The publisher Taylor & Francis is investigating concerns raised on PubPeer about a paper claiming to find DNA contamination in COVID-19 vaccines beyond regulators’ recommended amounts.
The move comes as the U.S. body tasked with making recommendations for vaccine use is scheduled to consider the safety of COVID-19 shots, and two of the study’s authors say their findings will be discussed.
The paper at issue was published September 6 in the journal Autoimmunity, a Taylor & Francis title. Scientific sleuth Kevin Patrick soon posted concerns on PubPeer, which he forwarded to the ethics department of the publisher.
On September 8, Laura Wilson, Taylor & Francis’ Head of Research Integrity & Ethics, thanked Patrick for raising the concerns and said the company would “investigate in accordance with the COPE guidelines and our Editorial policies.”
The publisher added a pop-up notification to the article to alert readers to the ongoing investigation after we asked if they would do so. Taylor & Francis began using such notices last year.
Jennifer McMillan, a spokesperson for Taylor & Francis, confirmed the publisher’s Ethics and Integrity team “are aware of the comments made on PubPeer and are investigating the article in question.”
“As the investigation is in its very early stages we cannot make any further comment,” she said.
Paolo Casali, editor-in-chief of Autoimmunity, did not respond to our request for comment.
On September 19, a meeting of the Advisory Committee on Immunization Practices of the U.S. Centers for Disease Control and Prevention will include presentations on “COVID-19 vaccine safety.”
Retsef Levi, a professor of operations management at the Massachusetts Institute of Technology’s Sloan School of Management in Cambridge and chair of the ACIP work group on COVID-19 vaccines, will introduce the session. The work group’s activities include reviewing and summarizing “gaps in the existing knowledge regarding potential impurities (e.g., DNA contamination and endotoxins) in existing immunization products and their health impacts to inform immunization recommendations.”
Study coauthor Kevin McKernan of the Beverly, Mass.-based company Medicinal Genomics said in a Sept. 14 post on Substack he had been “contacted by the ACIP committee to go over our paper.” A post on X by another coauthor, independent researcher Jessica Rose, stated the committee will be considering their paper.
In her own Substack post, Rose wrote Senator Ron Johnson (R – Wisconsin) had submitted the study as evidence in a hearing of the Permanent Subcommittee on Investigations September 9.
She also included a prediction: “they will try to retract our work.”
The authors of the paper — Rose, McKernan, and David J. Speicher of the University of Guelph in Ontario, Canada — describe using two different methods to measure the amount of DNA remaining in mRNA COVID-19 vaccines from Pfizer-BioNTech and Moderna due to their manufacturing processes.
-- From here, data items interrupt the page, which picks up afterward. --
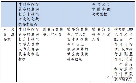 筆者愚見,目前咨詢公司、系統廠商和其他一些供應商提供內評模型時以打分卡模型為主,簡單的打分卡模型以財務指標打分為主,這類型的模型筆者以為價值不大。基于因果關系和研究框架、并通過信評專家、定價數據、外評數據、違約案例等等方式來校準排序后的復雜打分卡模型價值稍大些,但這類型的復雜打分卡模型需要全覆蓋、高質量、有歷史切片、定制化程度高,且可持續更新的數據為基礎,目前極少數咨詢公司可以提供此類的解決方案和數據基礎。
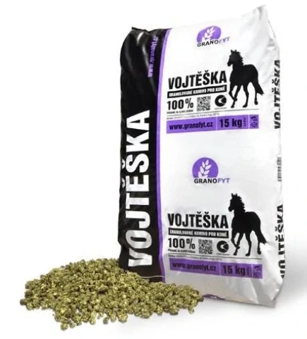 Krmivo vyráběné pouze z vojtěšky, která se po sklizni suší na slunci a následně granuluje do formy pelet o průměru 8 mm. Vyznačuje se vysokým podílem bílkovin, vlákniny, vápníku, minerálů a vitamínů. Naopak cukry a škroby jsou zastoupeny minimálně.
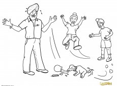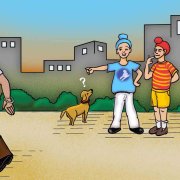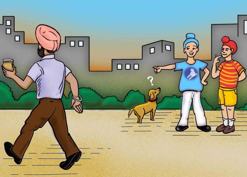 His friend said, "look... no threats. Just wait. Let's try my idea and see if it works." And they watched the man buy the yogurt and start to walk away,  the two boys ran up behind him and began walking alongside of him in rhythm saying, "left right, left right, left right, left right, left right." Soon, all three were marching down the street at a very fast pace, all in step, saying, "left right, left right, left right." After a few minutes the friend suddenly shouted at the top of his lungs, "HALT!" and you know, that army man stopped so suddenly that he dropped that pot of yogurt right on the road. And what else could the dog want? Happily he ran over and ate all the yogurt which had spilled onto the street.
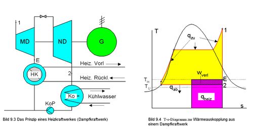 الفكرة الأساسية لطريقة عمل محطة تنتج الكهرباء والماء الساخن: MD توربين بخاري عالي الضغط //ND توربين يعمل بالضغط المنخفض // KoP مكثف ينتج ماءا عند 100 درجة مئوية ترسل إلى البيوت // G مولد كهربائي لتوليد التيار الكهربائي.
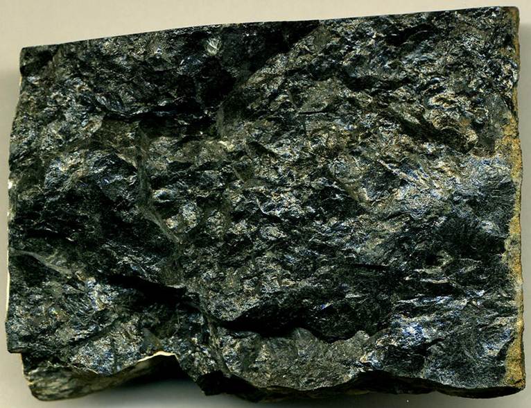 Obsidian is an uncommon igneous rock that varies in chemistry from felsic to intermediate to mafic to alkaline. Chemical analysis can show whether an obsidian is rhyolitic, dacitic, etc. The rock shown below is a trachyte obsidian from a small volcano in the East African Rift Valley called Ol Doinyo Nyukie (several variant spellings exist). Eastern Africa is being ripped apart by the Afar Hotspot and quite a few volcanoes having unusual lava chemistries are present along the rift zone. Ol Doinyo Nyukie is a Quaternary-aged volcano that has principally erupted phonolites and trachytes - both lithologies are intermediate extrusive igneous rocks noticeably high in alkali content (sodium & potassium). This rock is almost 100% glass, but there are some small, scattered phenocrysts of feldspar.
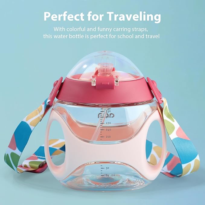 Baby Straw Water Bottle with Handles and Strap, Portable Travel Toddler Cup for School,11 Ounce(Pink)
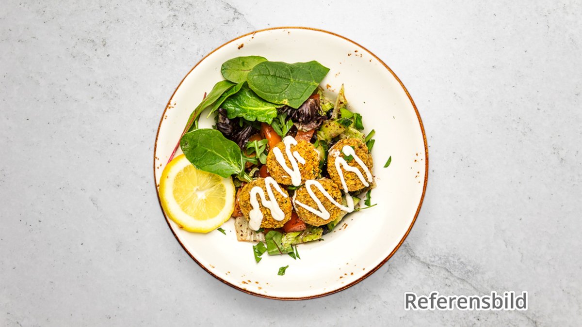 Serveras med sallad, tomat, lök, rödkål, feferoni och valfri sås.

Speicher, the corresponding author, did not respond to our request for comment.
McKernan was also an author on a July preprint about “Synthetic mRNA Vaccines and Transcriptomic Dysregulation” that was withdrawn on Sept. 11 after sleuths Elisabeth Bik and Reese Richardson documented problems with the manuscript.
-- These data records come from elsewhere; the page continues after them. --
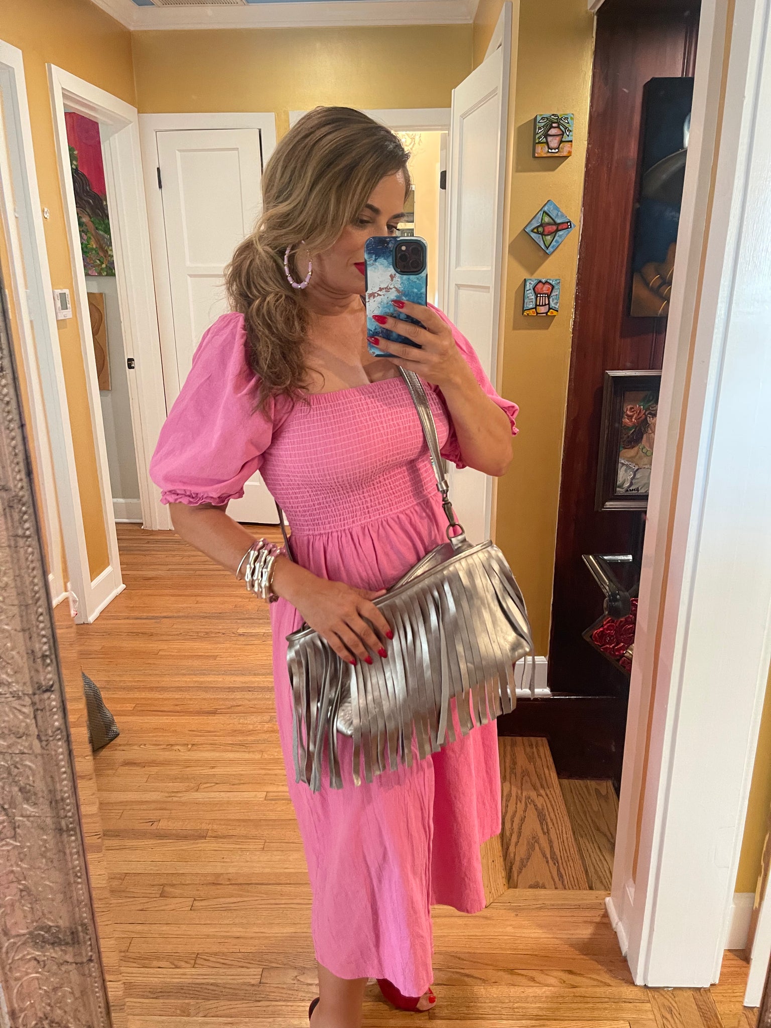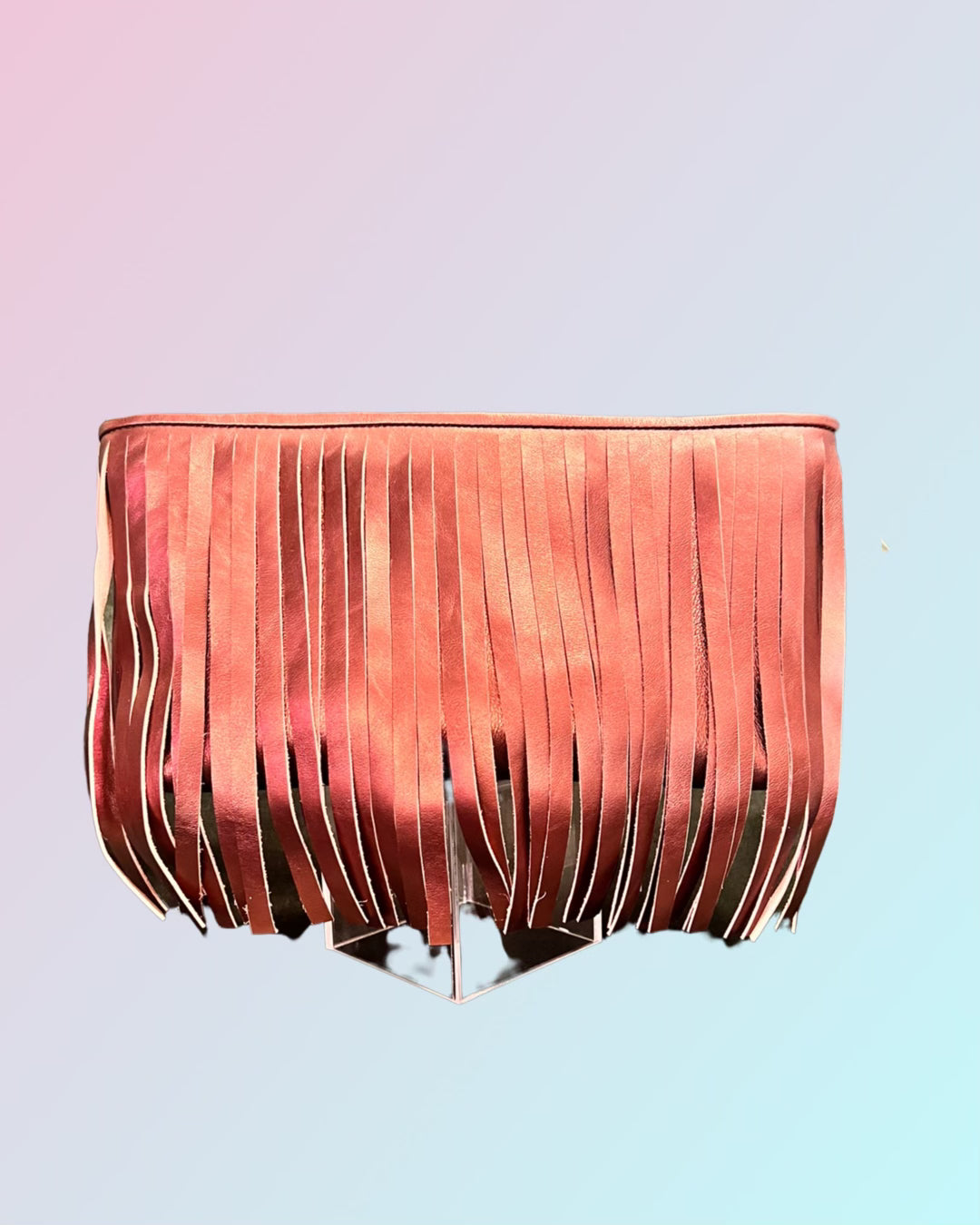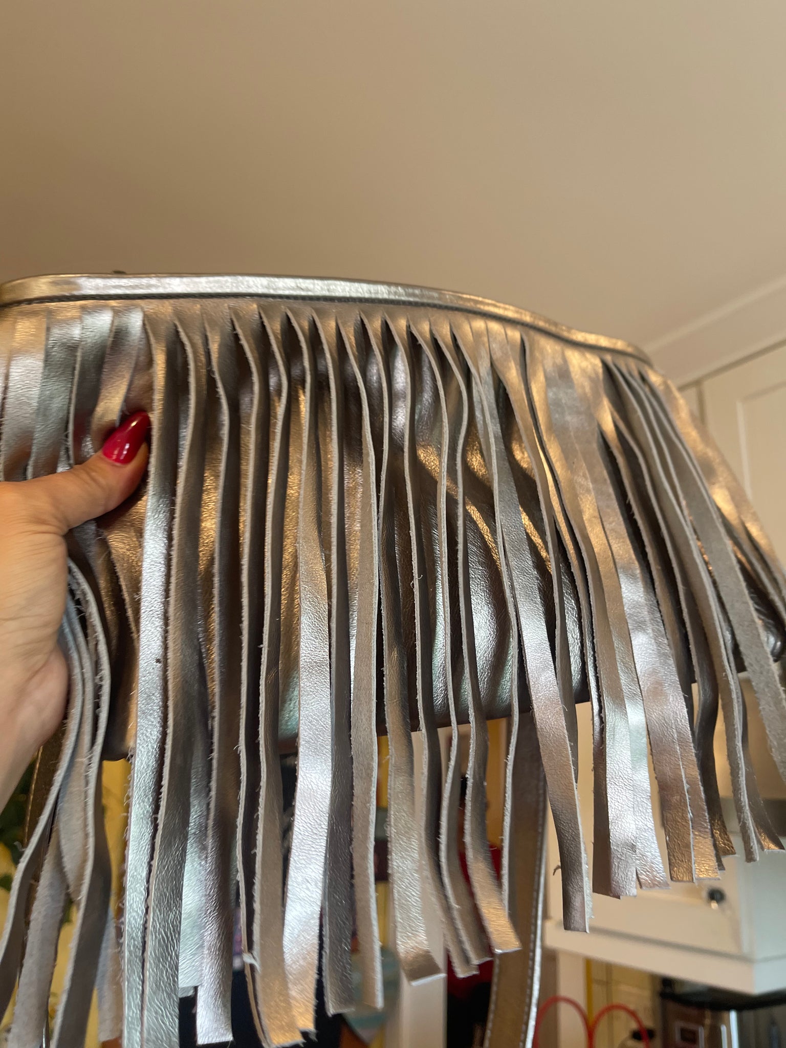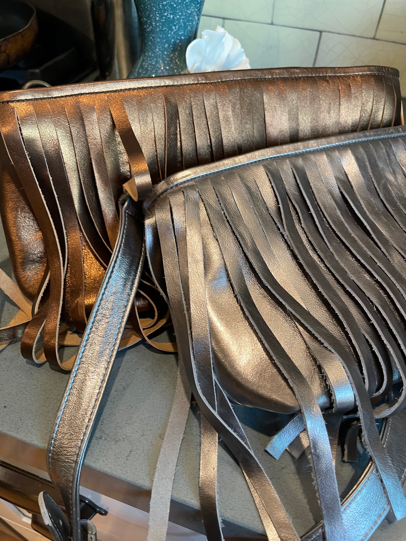 Metallic supple calfskin leather. Brass hardware, detachable calfskins leather adjustable strap (40”-47”) secure zipper with additional secured inside side zipper and phone compartment . 11”L x 7” H x 3” W
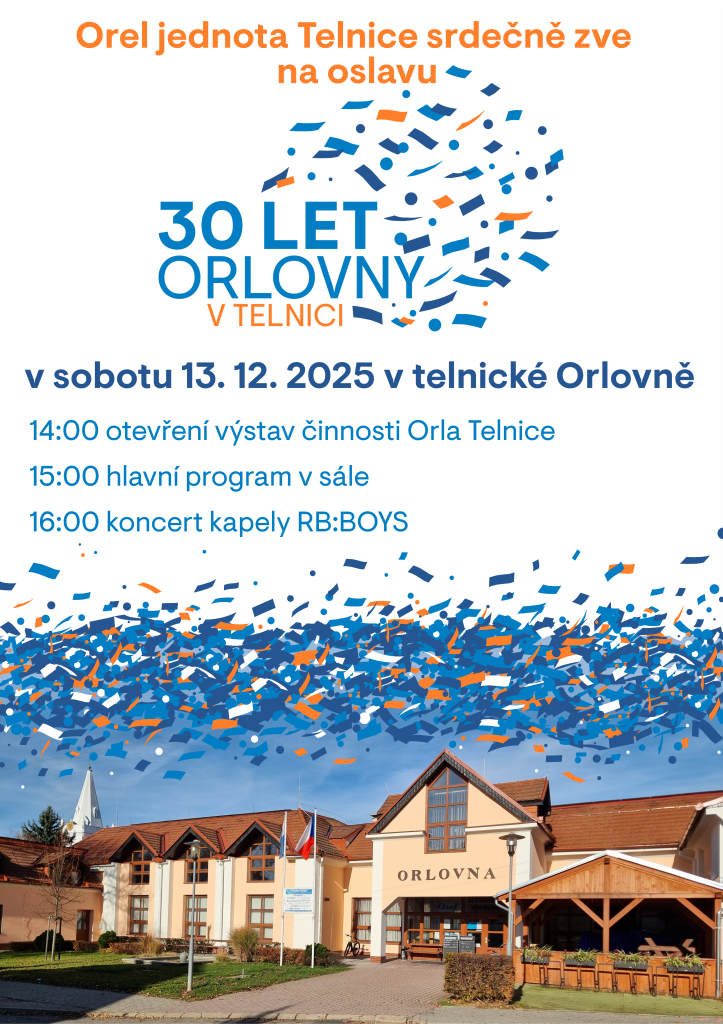 Orel jednota Telnice srdečně zve na oslavu 30 let orlovny v Telnici – v sobotu 13. prosince v telnické orlovně.
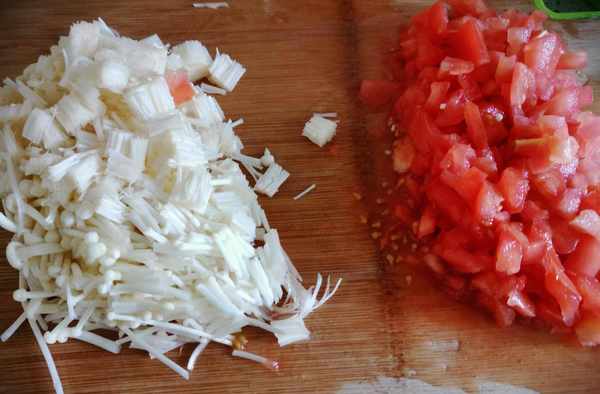1. 西红柿、金针菇洗净切成碎片备用。

Using one method, fluorometry, the authors of the Autoimmunity paper said they found amounts of DNA in all their samples of various vaccine lots that were higher than guidelines from the U.S. Food and Drug Administration and World Health Organization recommend. Using the other method, qPCR, they said three samples were over the limit.
On PubPeer, Patrick, who uses the pseudonym “Actinopolyspora biskrensis,” pointed out that the regulators’ recommendations were set for qPCR tests, not fluorometry. “Applying that regulatory threshold to fluorometry values is misleading, since regulators do not recognize fluorometry as the standard,” he wrote. Fluorometry also picks up mRNA, according to Australia’s Therapeutic Goods Administration, so it does not correctly measure DNA amounts in the mRNA COVID-19 vaccines.
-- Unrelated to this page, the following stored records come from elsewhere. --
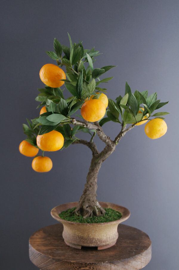 細部まで丁寧に作りこまれた幹も枝もみかん一つひとつの皮の表面まで、至近距離から本物と見分けがつかないほどのリアルな仕上がりです。
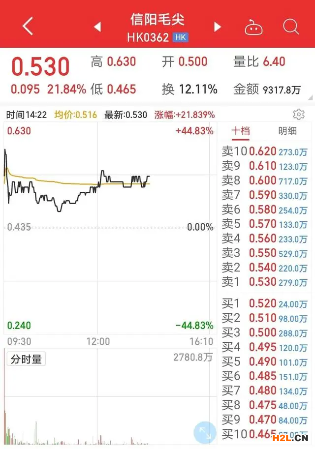 隨后,股價已連續(xù)多年低于1港元的“仙股”信陽毛尖在2月17日開盤迅速漲超44%。
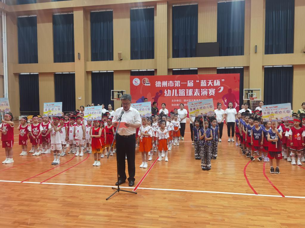 7月2日,德州市首届“蓝天杯”幼儿篮球表演赛在德州职业技术学院综合体育馆举行,来自德州职业技术学院校企合作的9所幼儿园的300余名幼儿在篮球操表演赛、篮球个人技巧赛、3对3实战对抗赛等项目中展开激烈角逐。校党委委员、副院长周吉星出席开幕式并致辞,学前教育系相关负责人员参加活动。
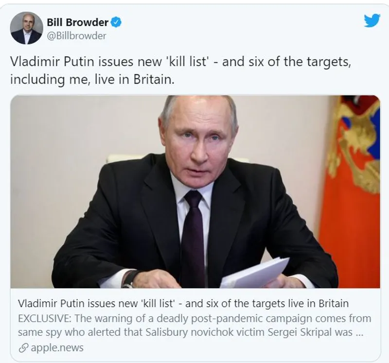 Browder, în vârstă de 56 de ani, este un critic al lui Putin care a fost deportat în 2005, fiind declarat o amenințare la adresa securității ruse.
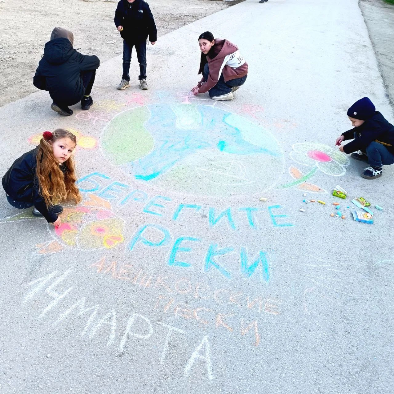 После познавательной беседы участники перешли к творческой части — рисованию на асфальте. Через рисунки ребята смогли выразить свое видение чистой планеты и важности сохранения рек. Сотрудники парка также ответили на многочисленные вопросы детей, помогая им глубже понять экологические проблемы и пути их решения.
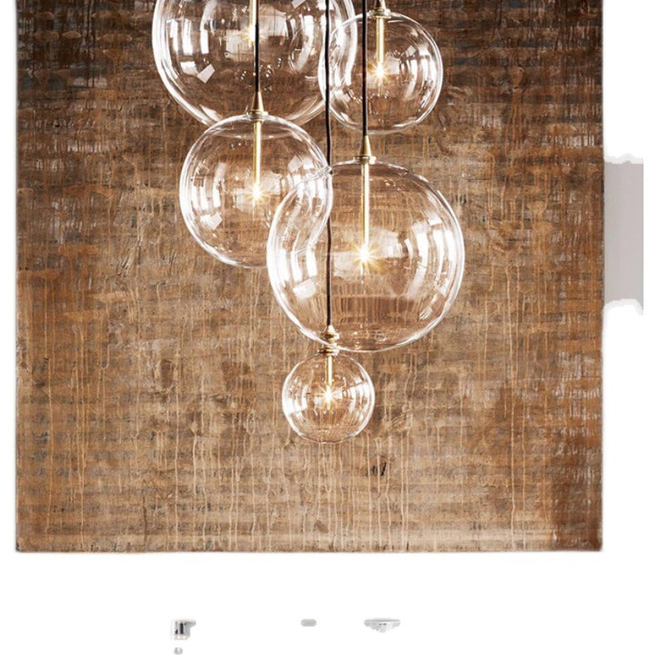 Modern simple glass chandelier villa hall combination restaurant bar clothing store bedroom bedside transparent ball lamp
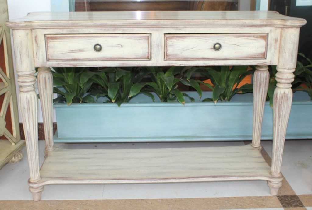 Красивый консольный столик в стиле прованс с четырьмя выдвижными ящичками
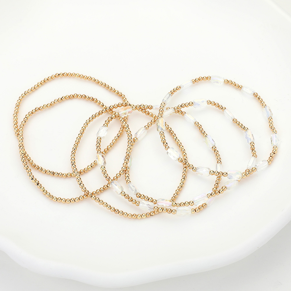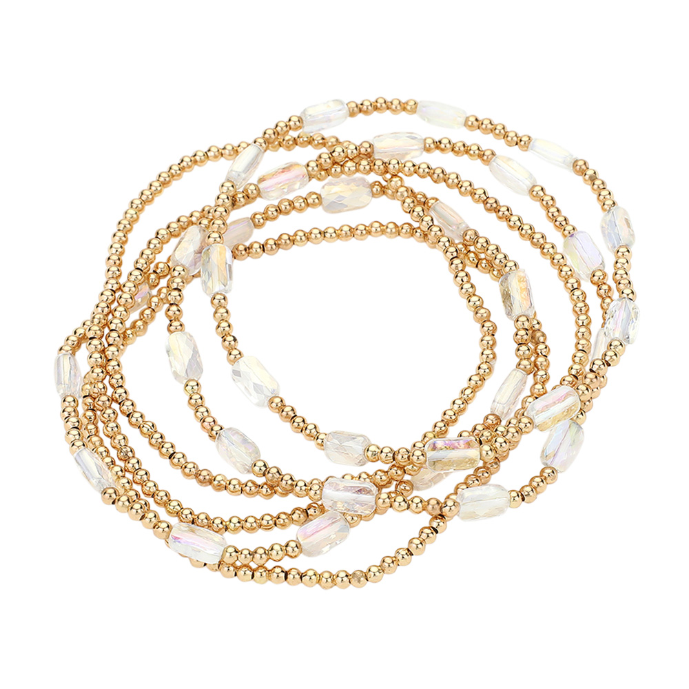 6PCS - Skinny Metal Ball Rectangle Faceted Beaded Stretch Multi Layered Bracelets

In subsequent comments, Patrick also questioned the authors’ use of data from the FDA’s Vaccine Adverse Event Reporting System, or VAERS, and the appropriateness of several of the documents the authors cited. One reference consisted of the attachments to a meeting agenda for the town council of Port Hedland, Australia, which included a report referencing a 2023 preprint from the paper’s coauthors.
In addition to the questionable references Patrick identified, Retraction Watch found the FDA guidance the researchers cited was issued for gene therapies, and explicitly stated it “does not apply to vaccines for infectious disease indications.”
Other commenters on PubPeer added technical critiques of the paper as well.
“I have no idea how this paper could have made it through peer review,” Patrick told us. “Sadly, we almost never find out what happens behind the scenes.”